As title! Does that mean the saddle is a medium or a medium wide? Any help would be gratefully received!


----------



## coloredred (15 October 2013)

I think the +1 is a medium wide. Mine is the standard fit which is a medium but to make things more complicated, it fits my m/w pony.


----------



## TarrSteps (15 October 2013)

Is that from an advertisement?  The +1cm COULD be a flap designation, meaning 1cm forward from stock. Equipe doesn't use that system but other high end saddles do. It could also be an adjustment designation, since the trees can be modified so +1 would literally be a normal M pulled out 1cm.


----------



## nikkimariet (15 October 2013)

Is that how the advert puts it?

The Equipe sizes are a bit funny. N actually means Normal. Which is Medium. N+1 is Medium Wide. N-1 is Medium Narrow and so on.

Fig is in a N and CS is in a N+1.


----------



## kirstyhen (15 October 2013)

nikkimariet said:



			Is that how the advert puts it?

The Equipe sizes are a bit funny. N actually means Normal. Which is Medium. N+1 is Medium Wide. N-1 is Medium Narrow and so on.
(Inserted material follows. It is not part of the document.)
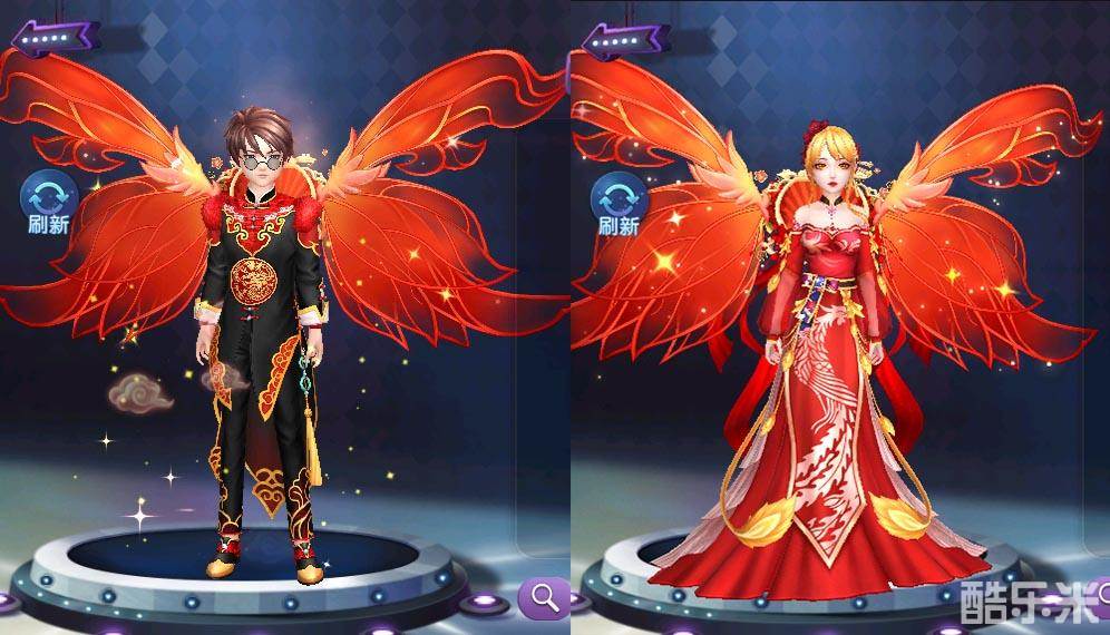 在红火新春刚刚拉开帷幕之际,《劲舞团》手游也随之推出了喜庆主题的全新蛋装。【天赐良缘·红火】的男女服饰分别采用了不同色调,男生的墨色唐装结合发尾长辫,充满个性;女生的金发搭配赤色鱼尾长裙,仙气飘飘,两者身旁渐隐浮现的祥云更是美轮美奂。

Fig is in a N and CS is in a N+1.
		
Click to expand...

And Mally is a N+3....


----------



## meardsall_millie (16 October 2013)

kirstyhen said:



			And Mally is a N+3.... 

Click to expand...

She is a porker!  Even my chunky monkey is only +2!!


----------



## dottieh (16 October 2013)

Yes, im looking at buying one off someone and it states it is a Medium +1cm. But not quite sure going by what you are all saying. The sizing for equipe sounds confusing!


----------



## Prince33Sp4rkle (16 October 2013)

id guess they are confused and mean N+1 which is med/wide.

i dont think they are hugely wide saddles, compared to eg bates, albion.


----------



## dottieh (16 October 2013)

ah ok, brilliant. thank you for your help


----------